▶ **WHAT YOU HAVE TO DO**
Copy the data below exactly. Any pictures in it should be omitted.

▶ **INFORMATION PROVIDED**
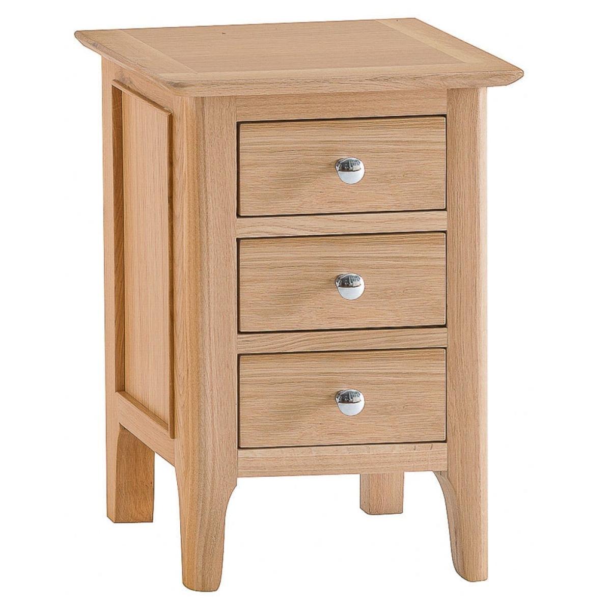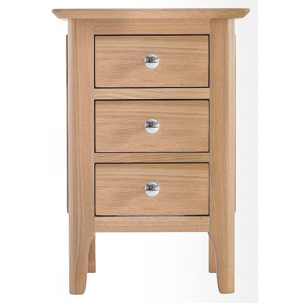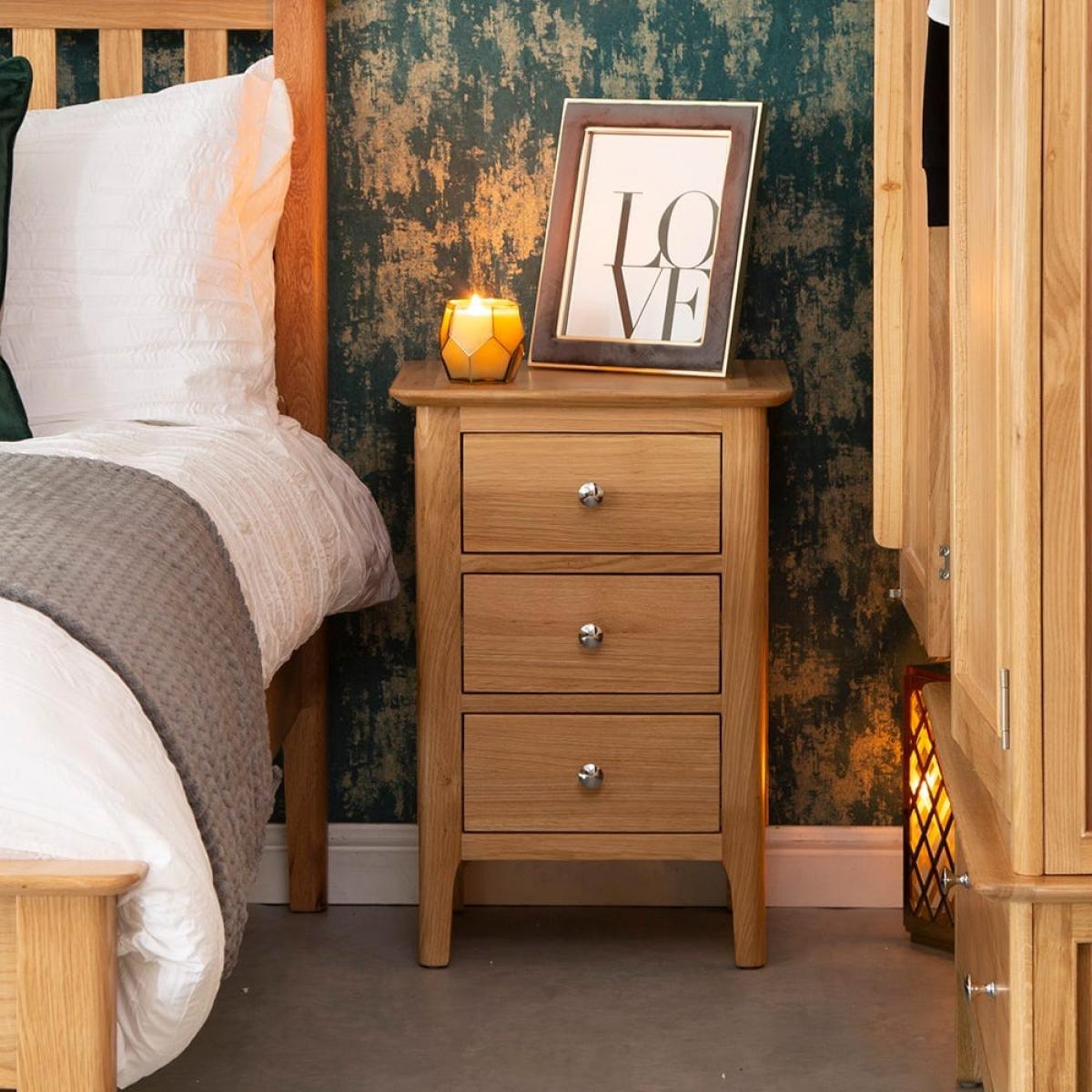 The neat and tidy Bergen oak small bedside table tucks into a cosy corner of your bedroom and helps it feel like home. Snuggle up under your warmest duvet and settle in for a bit of bedtime reading, lit by the glow of a reading lamp perfectly positioned on this bedside table. This is a bedside table built with artisan craft and quality in mind. The trio of handy drawers have each been finely dovetailed. Beautifully tie your bedroom interior together with the addition of this versatile and timeless bedside table.
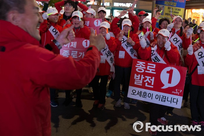 (서울=포커스뉴스) 20대 총선을 하루 앞둔 12일 오후 서울 종로구 경복궁역 일대에서 오세훈 새누리당 종로구 후보측이 막바지 선거유세를 하고 있다.
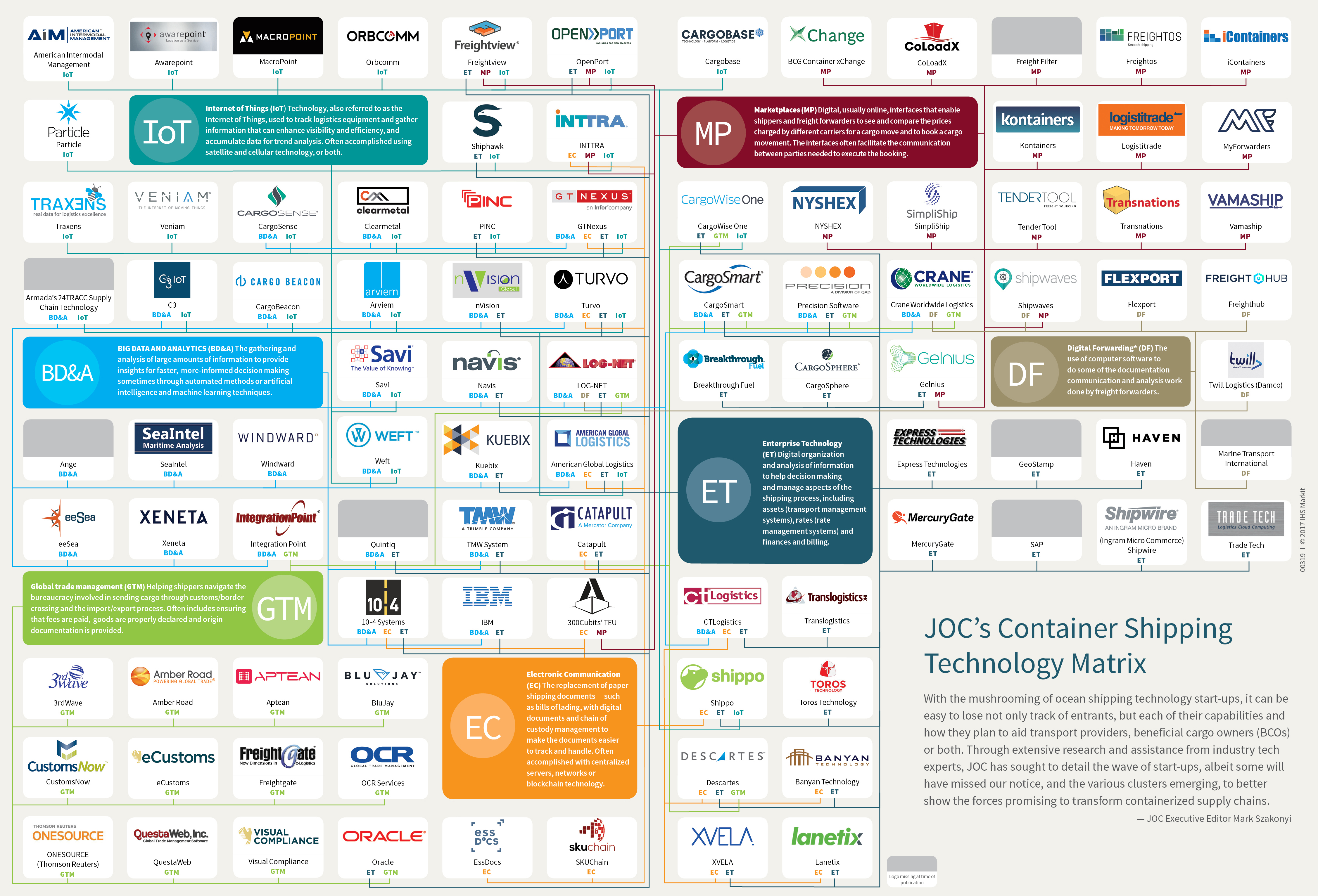 After extensive research and assistance from industry tech experts, the Journal of Commerce has released it Container Shipping Technology Matrix depicting the technologies and companies engaged in transforming containerized supply chains. Descartes is featured in the categories of Global Trade Management, Enterprise Technology and Electronic Communication.
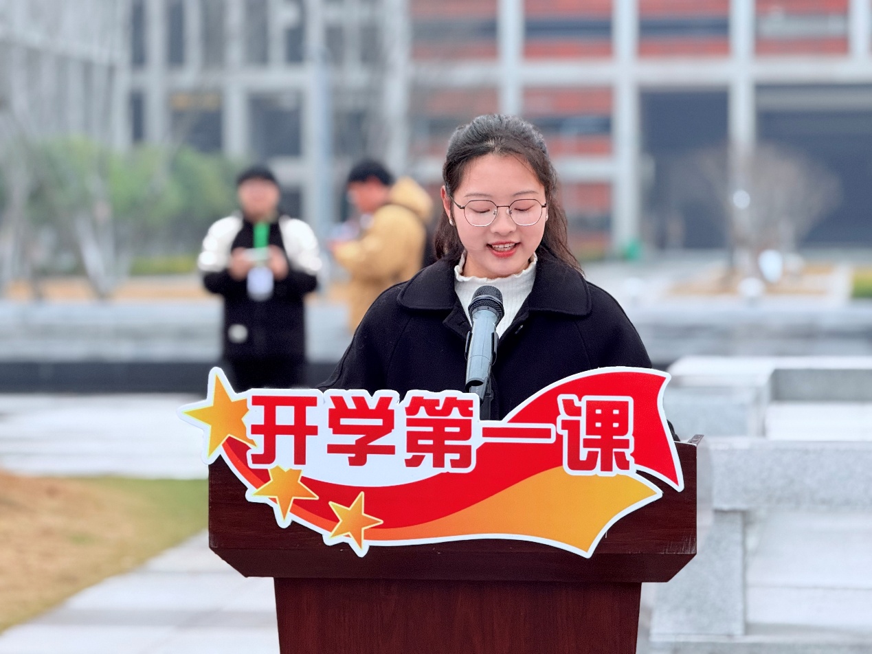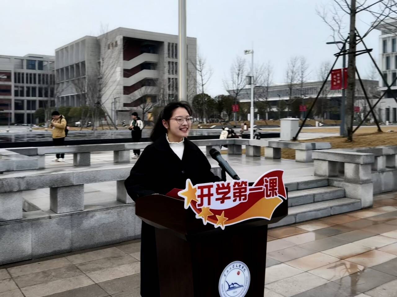 升旗仪式后,管理学院大数据与会计专业学生张灵华作为学生代表,以《与春天一同拔节,与骏马一同奔腾》为题发言。她结合2026丙午马年精神内涵,以春日生长、骏马奔腾为喻,向全体同学发出青春倡议,号召大家以“三匹马”的姿态砥砺前行。

▶ **TASK OUTPUT**
 The neat and tidy Bergen oak small bedside table tucks into a cosy corner of your bedroom and helps it feel like home. Snuggle up under your warmest duvet and settle in for a bit of bedtime reading, lit by the glow of a reading lamp perfectly positioned on this bedside table. This is a bedside table built with artisan craft and quality in mind. The trio of handy drawers have each been finely dovetailed. Beautifully tie your bedroom interior together with the addition of this versatile and timeless bedside table.
 (서울=포커스뉴스) 20대 총선을 하루 앞둔 12일 오후 서울 종로구 경복궁역 일대에서 오세훈 새누리당 종로구 후보측이 막바지 선거유세를 하고 있다.
 After extensive research and assistance from industry tech experts, the Journal of Commerce has released it Container Shipping Technology Matrix depicting the technologies and companies engaged in transforming containerized supply chains. Descartes is featured in the categories of Global Trade Management, Enterprise Technology and Electronic Communication.
 升旗仪式后,管理学院大数据与会计专业学生张灵华作为学生代表,以《与春天一同拔节,与骏马一同奔腾》为题发言。她结合2026丙午马年精神内涵,以春日生长、骏马奔腾为喻,向全体同学发出青春倡议,号召大家以“三匹马”的姿态砥砺前行。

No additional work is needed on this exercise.